[WHAT THE EXERCISE ASKS] Leave the images out, and copy each of the records below exactly.

═════ RECORDS SHOWN ═════

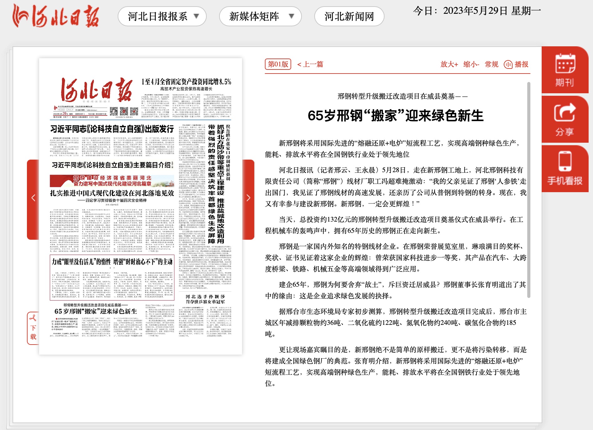 According to the preliminary estimation by experts from Xingtai Ecology and Environment Bureau, after the completion of relocation and renewal project, the annual emission reduction of particulate matter, sulfur dioxide, nitrogen oxides and hydrocarbons will be about 36 tons, 122 tons, 240 tons and 185 tons respectively in the main city of Xingtai.
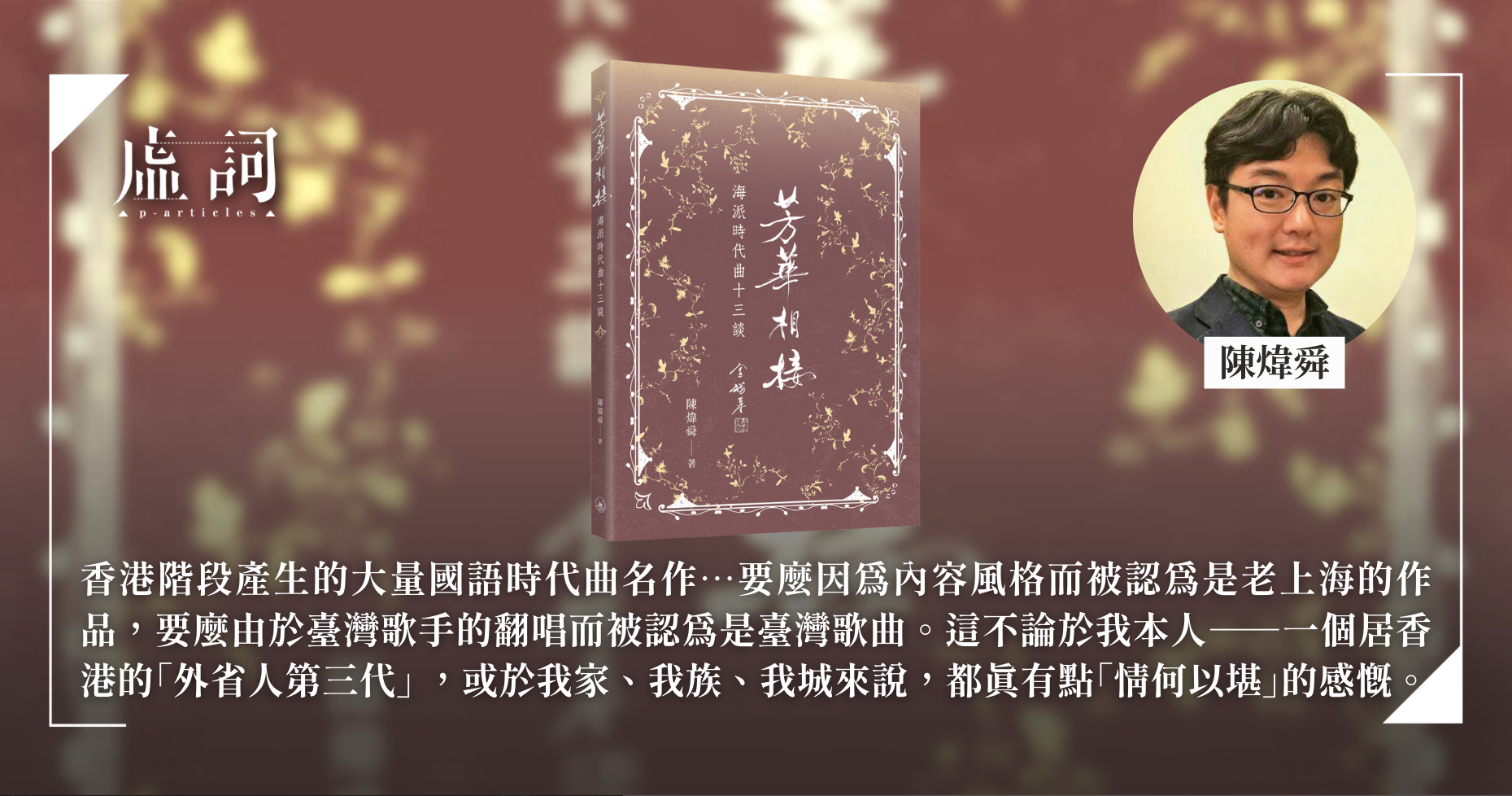 另一巧合是2023年底,珠海學院董就雄教授相邀為「通識課程講座」擔任主講,且半開玩笑云「以時代曲為主題也非常好」。就雄學弟又說,到時在座的會有不少來自內地的研究生,我大可以國語主講,他願意撥冗親自主持。這番話倒促使我把講題定為〈好花盛開有幾時:淺談香港階段的海派時代曲(1950-1970年代)〉。1949年後,香港成為海派時代曲的重鎮,直到1970年代粵語流行曲興起後,時代曲的芳華才告消歇。但令人惋惜的是,粵語文化從此成為海內外華人對香港的單一印象,香港階段產生的大量國語時代曲名作,如〈春風吻上我的臉〉、〈南屏晚鐘〉、〈今宵多珍重〉、〈不了情〉、〈情人的眼淚〉、〈薔薇之戀〉、〈問白雲〉、〈我要你的愛〉、〈一見你就笑〉等,要麼因為內容風格而被認為是老上海的作品,要麼由於臺灣歌手的翻唱而被認為是臺灣歌曲。這不論於我本人――一個身居香港的「外省人第三代」,或於我家、我族、我城來說,都真有點「情何以堪」的感慨。講座定於2024年2月23日,在就雄教授的主持下,觀眾反應良佳,甚至令我約略感覺到一點「宣揚香港文化」的成就感。稍後,我請系上張奕怡同學整理錄音檔,校閱後承蒙《方圓》文學及文化專刊的青睞,刊登於2024年夏季號。這一期《方圓》剛好以小說及電視劇《繁花》為主題,拙文雖屬「亂入」,主編卻說我「談香港階段的海派時代曲,又回到上海―香港的雙城繁華,時代靡靡之美,回過頭來可與本期《繁花》主題對讀」,可謂溫厚之至。因此,這篇講稿會作為附錄,置於本書之末,供讀者諸君參詳。
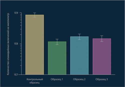 Чтобы проверить это, ученые добавили растворы, содержащие исследуемые белки в культуру человеческих клеток. Затем клетки заразили хламидиями вида Chlamydia trachomatis и через 48 часов оценили количество включений. Предположение о том, что белки способны подавить рост бактерий подтвердилось, в сравнении с контрольными образцами (без исследуемого белка) их число уменьшилось в десять раз. При этом видимый антихламидийный эффект достигался при концентрациях белков в 20 раз больше, чем при их действии на E. coli и B. subtilis. Это, как считают исследователи, может быть связано со сложным жизненным циклом хламидий.
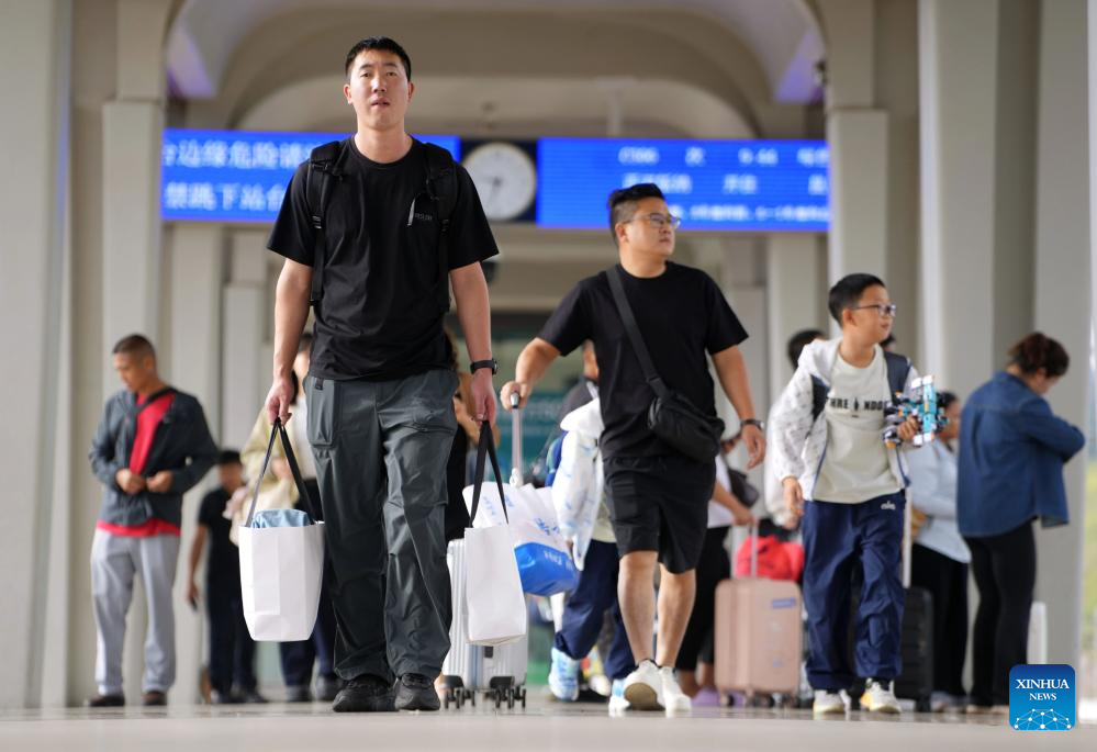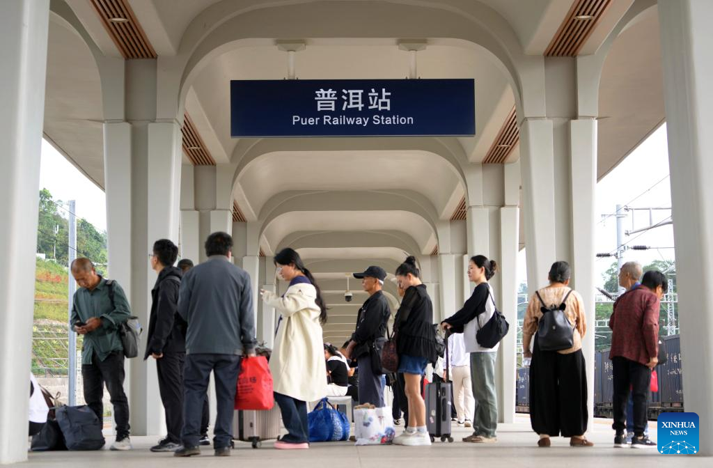 Passengers are pictured at Pu'er Railway Station in Pu'er City, southwest China's Yunnan Province, Sept. 20, 2025. As of Sept. 20, the China-Laos Railway has transported more than 59 million passengers since its opening in December 2021, according to China Railway Kunming Group Co., Ltd. (Xinhua/Xing Guangli)
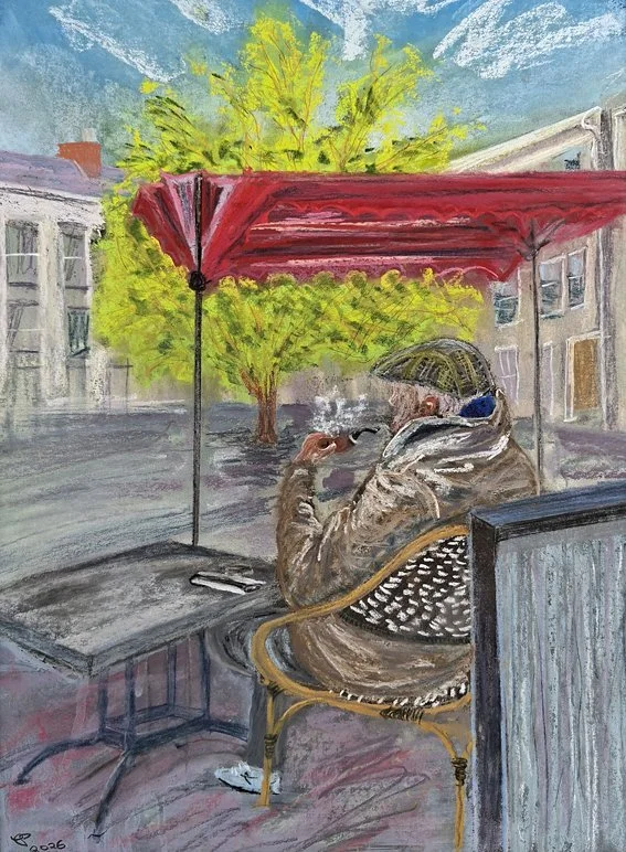 The Last Pipe Smoker by Tony Plaskett, pastel, 50 x 40 cm
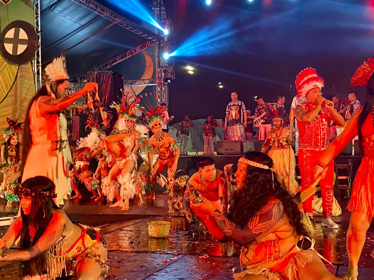 Em seguida o cacique Eliziário Kokama leu um texto em sua língua materna e todo o grupo cantou e dançou dividindo o palco com Carlinhos do Boi, o homenageado da noite. A toada “Lamento de Raça”, do poeta e compositor Émerson Maia, falecido em 2020, formou a trilha sonora deste momento tribal da noite.

═════

[ANSWER AREA]
 According to the preliminary estimation by experts from Xingtai Ecology and Environment Bureau, after the completion of relocation and renewal project, the annual emission reduction of particulate matter, sulfur dioxide, nitrogen oxides and hydrocarbons will be about 36 tons, 122 tons, 240 tons and 185 tons respectively in the main city of Xingtai.
 另一巧合是2023年底,珠海學院董就雄教授相邀為「通識課程講座」擔任主講,且半開玩笑云「以時代曲為主題也非常好」。就雄學弟又說,到時在座的會有不少來自內地的研究生,我大可以國語主講,他願意撥冗親自主持。這番話倒促使我把講題定為〈好花盛開有幾時:淺談香港階段的海派時代曲(1950-1970年代)〉。1949年後,香港成為海派時代曲的重鎮,直到1970年代粵語流行曲興起後,時代曲的芳華才告消歇。但令人惋惜的是,粵語文化從此成為海內外華人對香港的單一印象,香港階段產生的大量國語時代曲名作,如〈春風吻上我的臉〉、〈南屏晚鐘〉、〈今宵多珍重〉、〈不了情〉、〈情人的眼淚〉、〈薔薇之戀〉、〈問白雲〉、〈我要你的愛〉、〈一見你就笑〉等,要麼因為內容風格而被認為是老上海的作品,要麼由於臺灣歌手的翻唱而被認為是臺灣歌曲。這不論於我本人――一個身居香港的「外省人第三代」,或於我家、我族、我城來說,都真有點「情何以堪」的感慨。講座定於2024年2月23日,在就雄教授的主持下,觀眾反應良佳,甚至令我約略感覺到一點「宣揚香港文化」的成就感。稍後,我請系上張奕怡同學整理錄音檔,校閱後承蒙《方圓》文學及文化專刊的青睞,刊登於2024年夏季號。這一期《方圓》剛好以小說及電視劇《繁花》為主題,拙文雖屬「亂入」,主編卻說我「談香港階段的海派時代曲,又回到上海―香港的雙城繁華,時代靡靡之美,回過頭來可與本期《繁花》主題對讀」,可謂溫厚之至。因此,這篇講稿會作為附錄,置於本書之末,供讀者諸君參詳。
 Чтобы проверить это, ученые добавили растворы, содержащие исследуемые белки в культуру человеческих клеток. Затем клетки заразили хламидиями вида Chlamydia trachomatis и через 48 часов оценили количество включений. Предположение о том, что белки способны подавить рост бактерий подтвердилось, в сравнении с контрольными образцами (без исследуемого белка) их число уменьшилось в десять раз. При этом видимый антихламидийный эффект достигался при концентрациях белков в 20 раз больше, чем при их действии на E. coli и B. subtilis. Это, как считают исследователи, может быть связано со сложным жизненным циклом хламидий.
 Passengers are pictured at Pu'er Railway Station in Pu'er City, southwest China's Yunnan Province, Sept. 20, 2025. As of Sept. 20, the China-Laos Railway has transported more than 59 million passengers since its opening in December 2021, according to China Railway Kunming Group Co., Ltd. (Xinhua/Xing Guangli)
 The Last Pipe Smoker by Tony Plaskett, pastel, 50 x 40 cm
 Em seguida o cacique Eliziário Kokama leu um texto em sua língua materna e todo o grupo cantou e dançou dividindo o palco com Carlinhos do Boi, o homenageado da noite. A toada “Lamento de Raça”, do poeta e compositor Émerson Maia, falecido em 2020, formou a trilha sonora deste momento tribal da noite.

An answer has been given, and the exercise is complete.